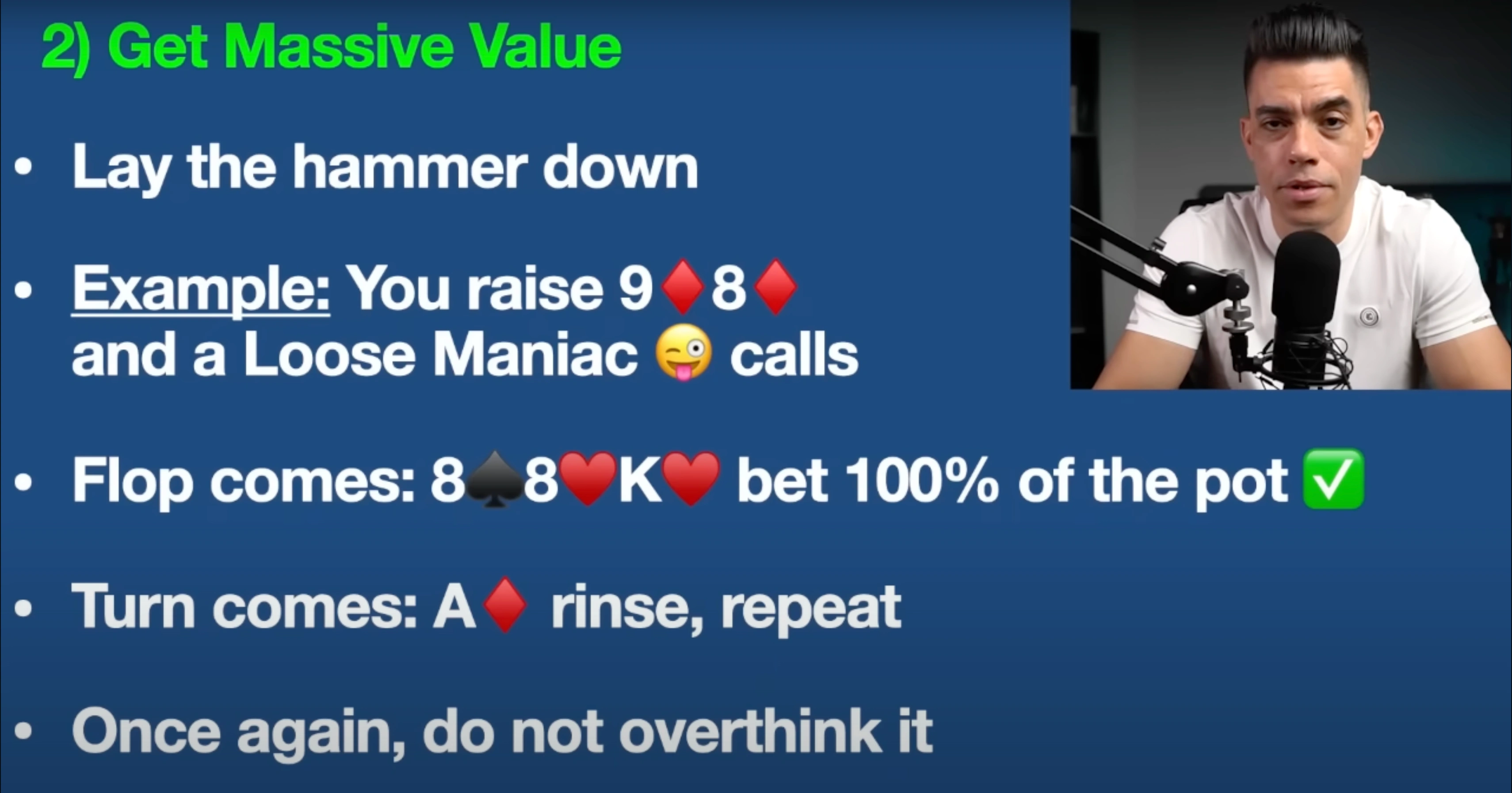 Turn comes down with the . Rinse, repeat — bet big. Once again, guys, do not overthink a very simple card game. Let them do that. When you hit a strong hand, bet a massive amount and thank me later.
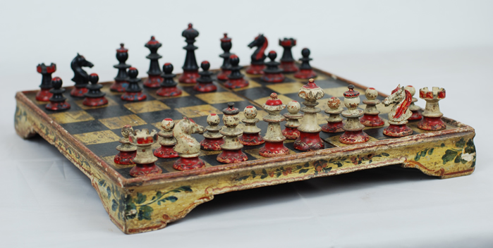 This type of set was popular in Austrian coffeehouses in the latter 19th and early-to-mid 20th centuries. This set is particularly early. King size is 6cm, board is 32x32 cm.
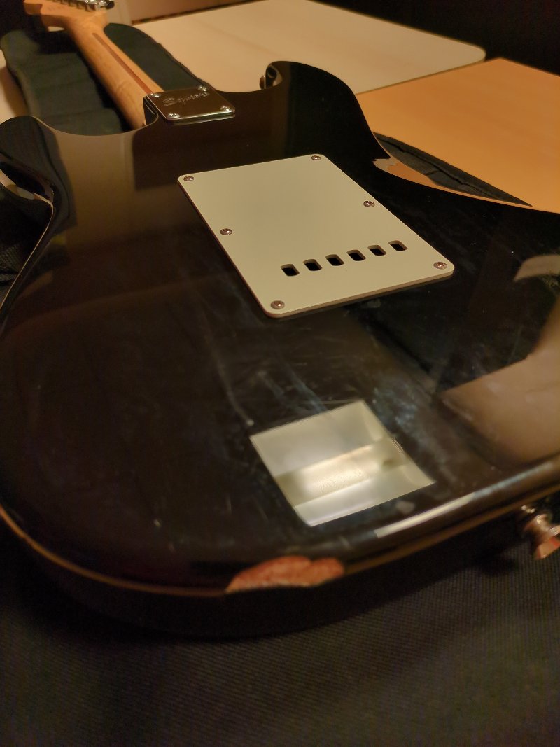 Puis j'ai aussi compris pourquoi le pickguard était légèrement gondolé ..

---+---

What the exercise asks: Reprint the whole listing above exactly, taking out the pictures.

Output of the task:
 Turn comes down with the . Rinse, repeat — bet big. Once again, guys, do not overthink a very simple card game. Let them do that. When you hit a strong hand, bet a massive amount and thank me later.
 This type of set was popular in Austrian coffeehouses in the latter 19th and early-to-mid 20th centuries. This set is particularly early. King size is 6cm, board is 32x32 cm.
 Puis j'ai aussi compris pourquoi le pickguard était légèrement gondolé ..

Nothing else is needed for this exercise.